USS Buoyant (AM-153) was an built for the U.S. Navy during World War II. After service in the Pacific, which netted her crew one battle star, she was decommissioned in May 1946 and sold to the Republic of China. Her name in Republic of China Navy service and her fate are not reported in secondary sources.

==Career==
Buoyant was launched 24 November 1942 by Willamette Iron and Steel Works, Portland, Oregon, and commissioned 30 September 1943.

Buoyant arrived at Adak, Alaska, 30 December 1943 and engaged in escort duty along the Aleutian chain, making frequent stops at Kodiak, Dutch Harbor, Sand Bay, Amchitka, Adak, and Attu until 1 July 1944. In July she sailed to San Francisco, California, for a three-week availability at Treasure Island, California.

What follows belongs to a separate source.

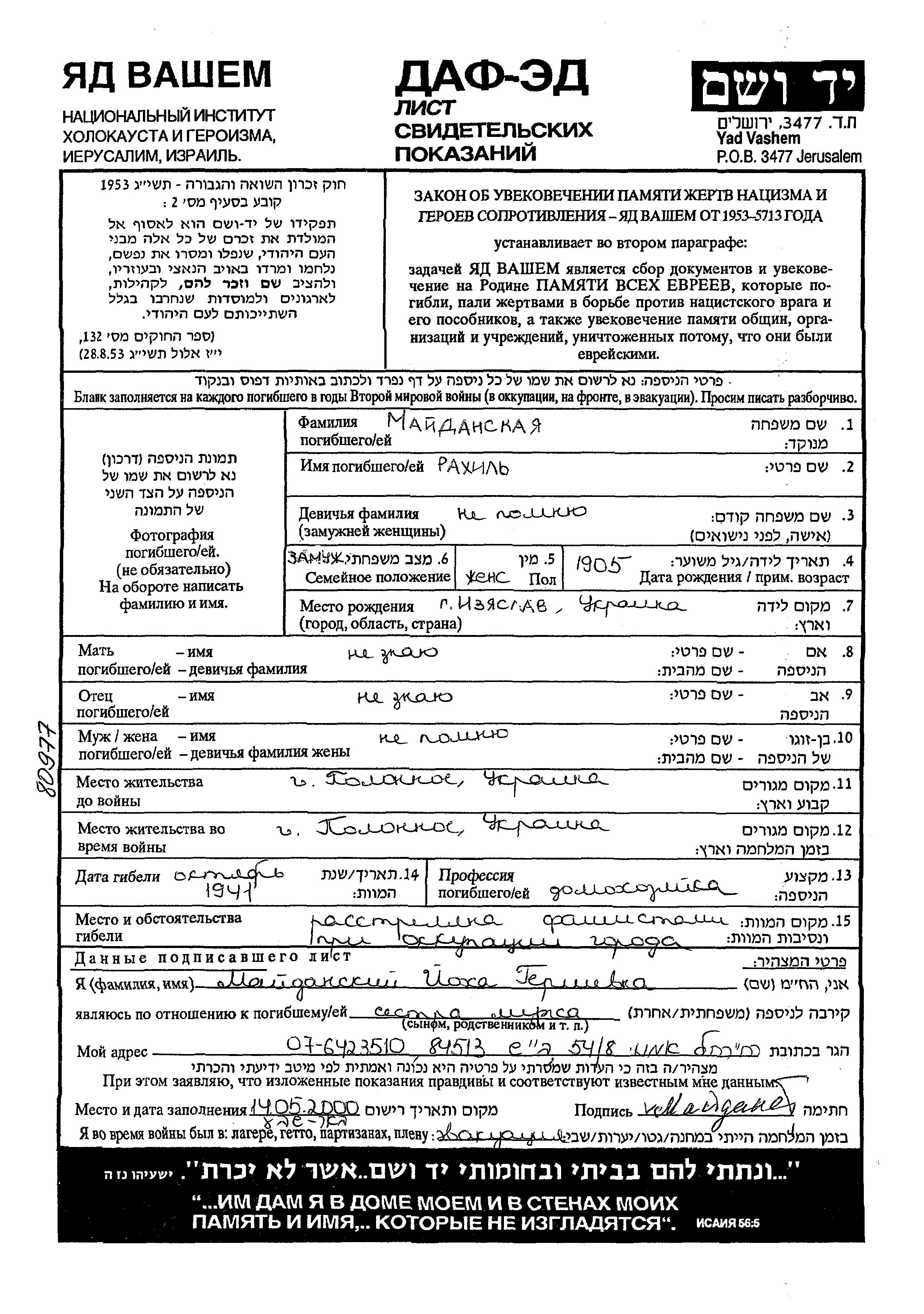 Rakhil Maidansky was born in Izyaslav, Ukraine (USSR), 1905. She was a housewife and married. Prior to WWII she lived in Polonnoye, Ukraine (USSR). During the war she was in Polonnoye, Ukraine (USSR). Rakhil was murdered in the Shoah. Place of death: Polonnoye, Ukraine (USSR), 1941.

On 1 August 1944 she escorted a convoy to Eniwetok via Pearl Harbor. On 4 September, at Saipan, she was assigned to the Forward Area Escort and Patrol Group. The ensuing six months were spent on the sea lanes between Saipan and Eniwetok providing escort protection for submarines, transports, and merchant ships.

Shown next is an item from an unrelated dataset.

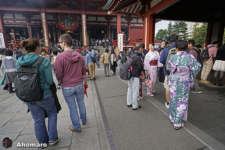 朝とは全く違う雰囲気になってしまう、浅草寺本堂前です。

Buoyant arrived off Kiese Shima, Okinawa, 31 March 1945 and assisted in the assault and occupation of Okinawa (31 March-31 May). During this period she took part in several sweeping operations. The ship returned to the United States 7 July. On 17 September she sailed for Pearl Harbor, the first leg of a voyage back to the Far East.

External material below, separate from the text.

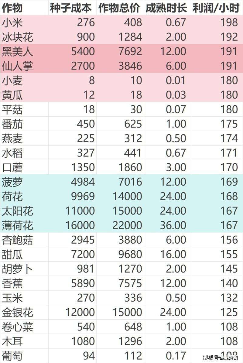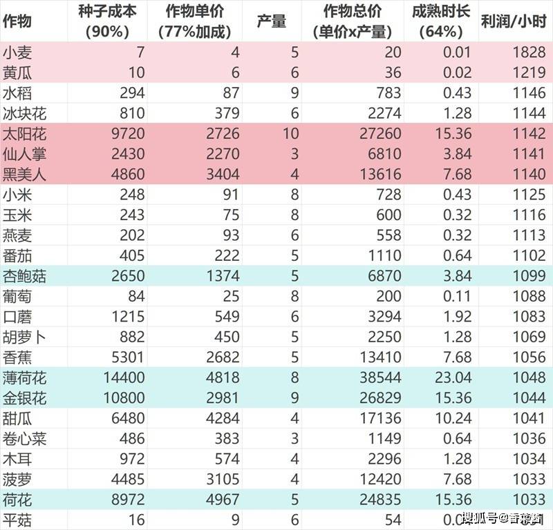 经验:包括最新口蘑在内的所有菌菇类都比较高,为79-80/小时这档;黄瓜90小麦180,但考虑到过肝而且订单用处不大,我个人不考虑。其余所有均为66/小时这档(部分多1经验几乎可忽略)。

Buoyant arrived at Yokohama, Japan, 15 December 1945 and later moved to Sasebo, Japan, where she operated in support of the occupation until 8 March 1946. Arriving 13 March at Subic Bay, Philippine Islands, she reported to Commander, Philippine Sea Frontier; was demilitarized; and sailed for Shanghai, China, in April 1946.

Buoyant was decommissioned, 29 May 1946 at Shanghai, China and sold by the Office of Foreign Liquidation Commission the same day for transfer to the Republic of China. Fate unknown.

Buoyant received one battle star for her World War II service.